- Information provided -
+--

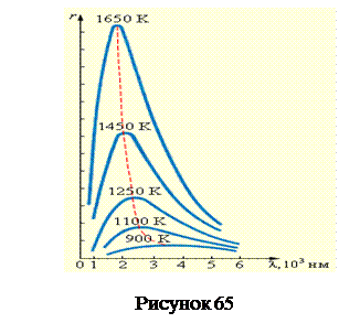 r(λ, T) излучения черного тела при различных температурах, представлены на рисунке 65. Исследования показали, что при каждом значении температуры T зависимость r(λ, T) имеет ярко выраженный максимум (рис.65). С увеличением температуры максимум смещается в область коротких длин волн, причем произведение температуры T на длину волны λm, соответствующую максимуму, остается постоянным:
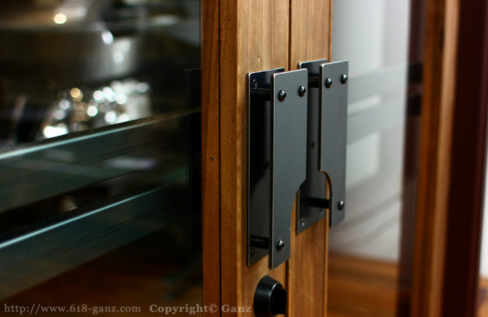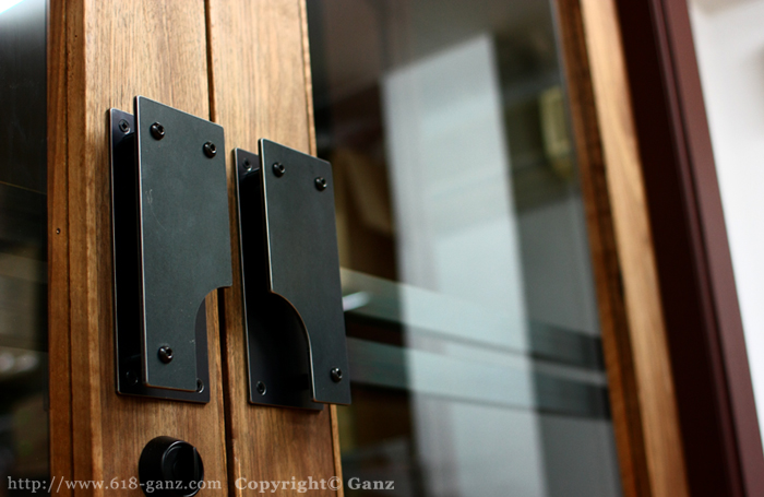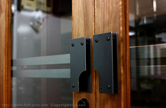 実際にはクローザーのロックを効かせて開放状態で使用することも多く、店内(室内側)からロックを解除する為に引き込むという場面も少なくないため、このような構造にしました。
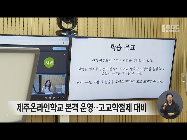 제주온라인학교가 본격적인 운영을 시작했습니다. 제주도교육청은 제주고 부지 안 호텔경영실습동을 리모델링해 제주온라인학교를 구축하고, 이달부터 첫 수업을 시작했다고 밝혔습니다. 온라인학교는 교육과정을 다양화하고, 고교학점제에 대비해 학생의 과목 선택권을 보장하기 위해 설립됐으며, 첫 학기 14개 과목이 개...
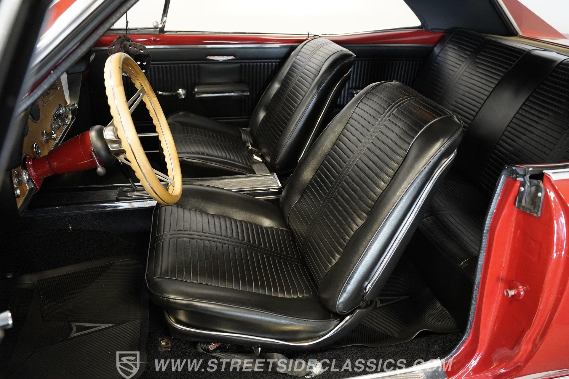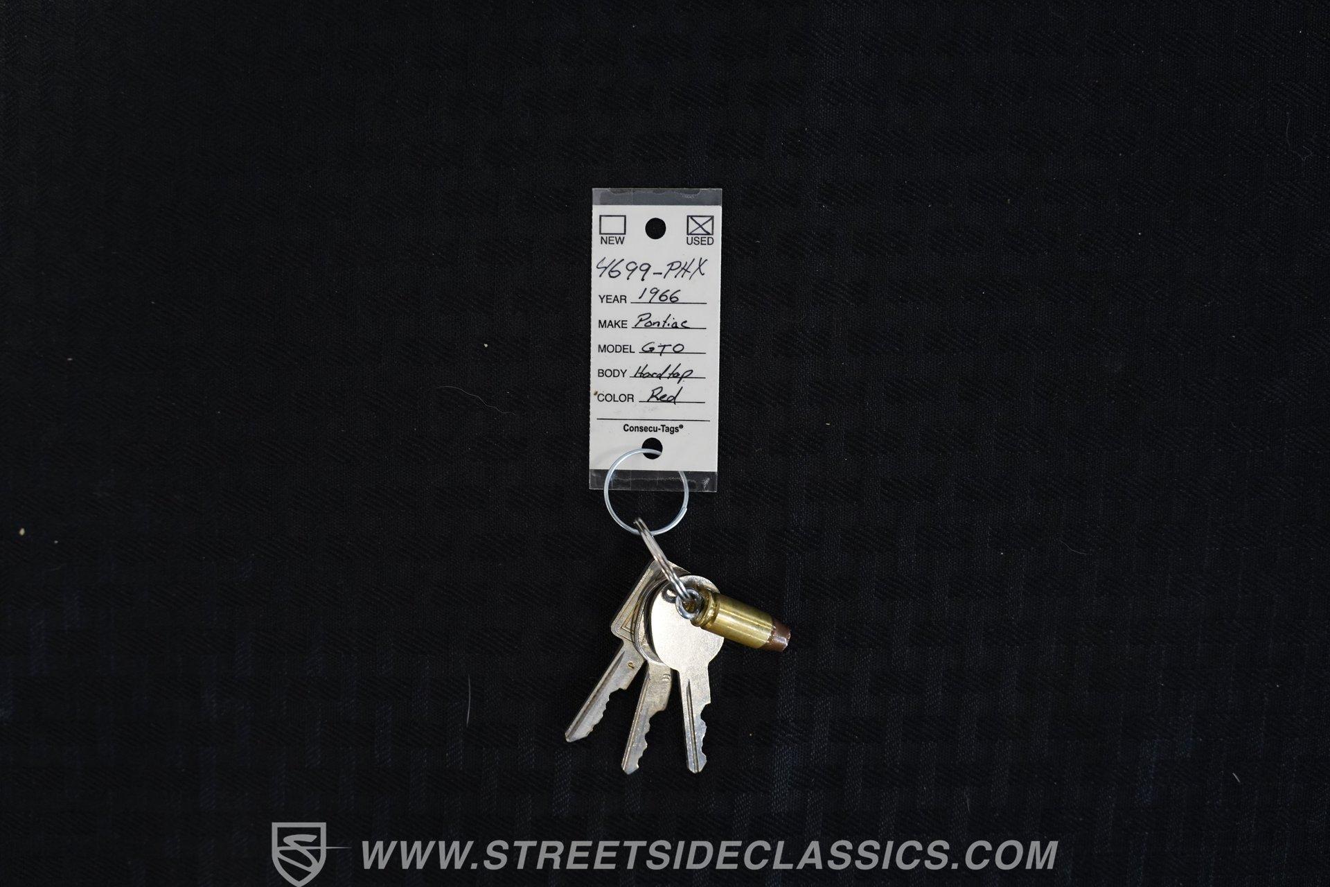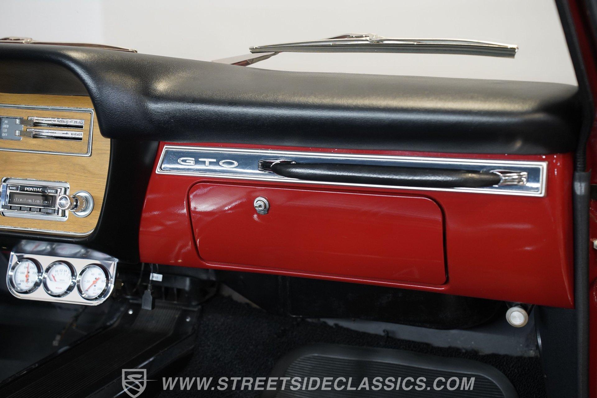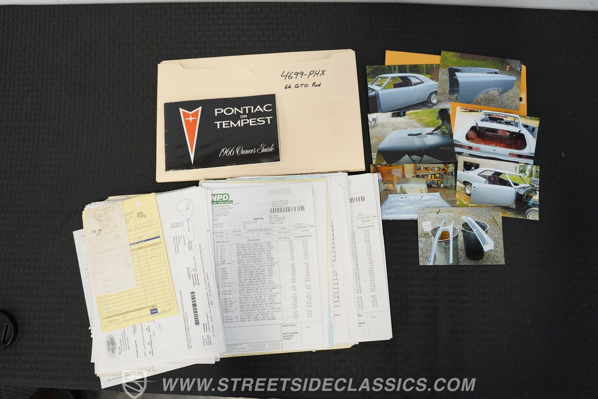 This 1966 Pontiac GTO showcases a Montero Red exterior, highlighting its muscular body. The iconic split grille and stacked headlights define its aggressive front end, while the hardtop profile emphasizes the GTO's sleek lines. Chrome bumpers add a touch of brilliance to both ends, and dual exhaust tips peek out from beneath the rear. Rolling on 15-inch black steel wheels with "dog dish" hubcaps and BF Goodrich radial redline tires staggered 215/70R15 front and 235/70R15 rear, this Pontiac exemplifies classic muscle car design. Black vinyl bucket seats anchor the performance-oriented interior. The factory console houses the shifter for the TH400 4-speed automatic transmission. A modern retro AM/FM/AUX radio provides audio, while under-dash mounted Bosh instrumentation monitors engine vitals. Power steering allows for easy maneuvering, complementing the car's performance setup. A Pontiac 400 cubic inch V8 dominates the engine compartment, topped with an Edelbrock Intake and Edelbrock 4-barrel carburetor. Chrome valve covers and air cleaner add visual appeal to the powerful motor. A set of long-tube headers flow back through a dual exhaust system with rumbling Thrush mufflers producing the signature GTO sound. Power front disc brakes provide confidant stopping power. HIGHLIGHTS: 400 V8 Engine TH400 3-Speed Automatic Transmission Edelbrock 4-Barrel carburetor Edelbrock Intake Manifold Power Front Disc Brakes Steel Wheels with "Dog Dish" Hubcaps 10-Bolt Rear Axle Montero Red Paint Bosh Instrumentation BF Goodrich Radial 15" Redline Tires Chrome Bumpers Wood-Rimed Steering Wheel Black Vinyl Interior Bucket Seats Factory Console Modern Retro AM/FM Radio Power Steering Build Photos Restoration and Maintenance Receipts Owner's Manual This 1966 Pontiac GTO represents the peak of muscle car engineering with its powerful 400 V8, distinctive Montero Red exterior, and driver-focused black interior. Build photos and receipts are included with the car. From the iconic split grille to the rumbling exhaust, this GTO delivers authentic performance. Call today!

+--

- Task to carry out -
Everything in the data except the pictures needs to be written out exactly.

- Response to this exercise -
 r(λ, T) излучения черного тела при различных температурах, представлены на рисунке 65. Исследования показали, что при каждом значении температуры T зависимость r(λ, T) имеет ярко выраженный максимум (рис.65). С увеличением температуры максимум смещается в область коротких длин волн, причем произведение температуры T на длину волны λm, соответствующую максимуму, остается постоянным:
 実際にはクローザーのロックを効かせて開放状態で使用することも多く、店内(室内側)からロックを解除する為に引き込むという場面も少なくないため、このような構造にしました。
 제주온라인학교가 본격적인 운영을 시작했습니다. 제주도교육청은 제주고 부지 안 호텔경영실습동을 리모델링해 제주온라인학교를 구축하고, 이달부터 첫 수업을 시작했다고 밝혔습니다. 온라인학교는 교육과정을 다양화하고, 고교학점제에 대비해 학생의 과목 선택권을 보장하기 위해 설립됐으며, 첫 학기 14개 과목이 개...
 This 1966 Pontiac GTO showcases a Montero Red exterior, highlighting its muscular body. The iconic split grille and stacked headlights define its aggressive front end, while the hardtop profile emphasizes the GTO's sleek lines. Chrome bumpers add a touch of brilliance to both ends, and dual exhaust tips peek out from beneath the rear. Rolling on 15-inch black steel wheels with "dog dish" hubcaps and BF Goodrich radial redline tires staggered 215/70R15 front and 235/70R15 rear, this Pontiac exemplifies classic muscle car design. Black vinyl bucket seats anchor the performance-oriented interior. The factory console houses the shifter for the TH400 4-speed automatic transmission. A modern retro AM/FM/AUX radio provides audio, while under-dash mounted Bosh instrumentation monitors engine vitals. Power steering allows for easy maneuvering, complementing the car's performance setup. A Pontiac 400 cubic inch V8 dominates the engine compartment, topped with an Edelbrock Intake and Edelbrock 4-barrel carburetor. Chrome valve covers and air cleaner add visual appeal to the powerful motor. A set of long-tube headers flow back through a dual exhaust system with rumbling Thrush mufflers producing the signature GTO sound. Power front disc brakes provide confidant stopping power. HIGHLIGHTS: 400 V8 Engine TH400 3-Speed Automatic Transmission Edelbrock 4-Barrel carburetor Edelbrock Intake Manifold Power Front Disc Brakes Steel Wheels with "Dog Dish" Hubcaps 10-Bolt Rear Axle Montero Red Paint Bosh Instrumentation BF Goodrich Radial 15" Redline Tires Chrome Bumpers Wood-Rimed Steering Wheel Black Vinyl Interior Bucket Seats Factory Console Modern Retro AM/FM Radio Power Steering Build Photos Restoration and Maintenance Receipts Owner's Manual This 1966 Pontiac GTO represents the peak of muscle car engineering with its powerful 400 V8, distinctive Montero Red exterior, and driver-focused black interior. Build photos and receipts are included with the car. From the iconic split grille to the rumbling exhaust, this GTO delivers authentic performance. Call today!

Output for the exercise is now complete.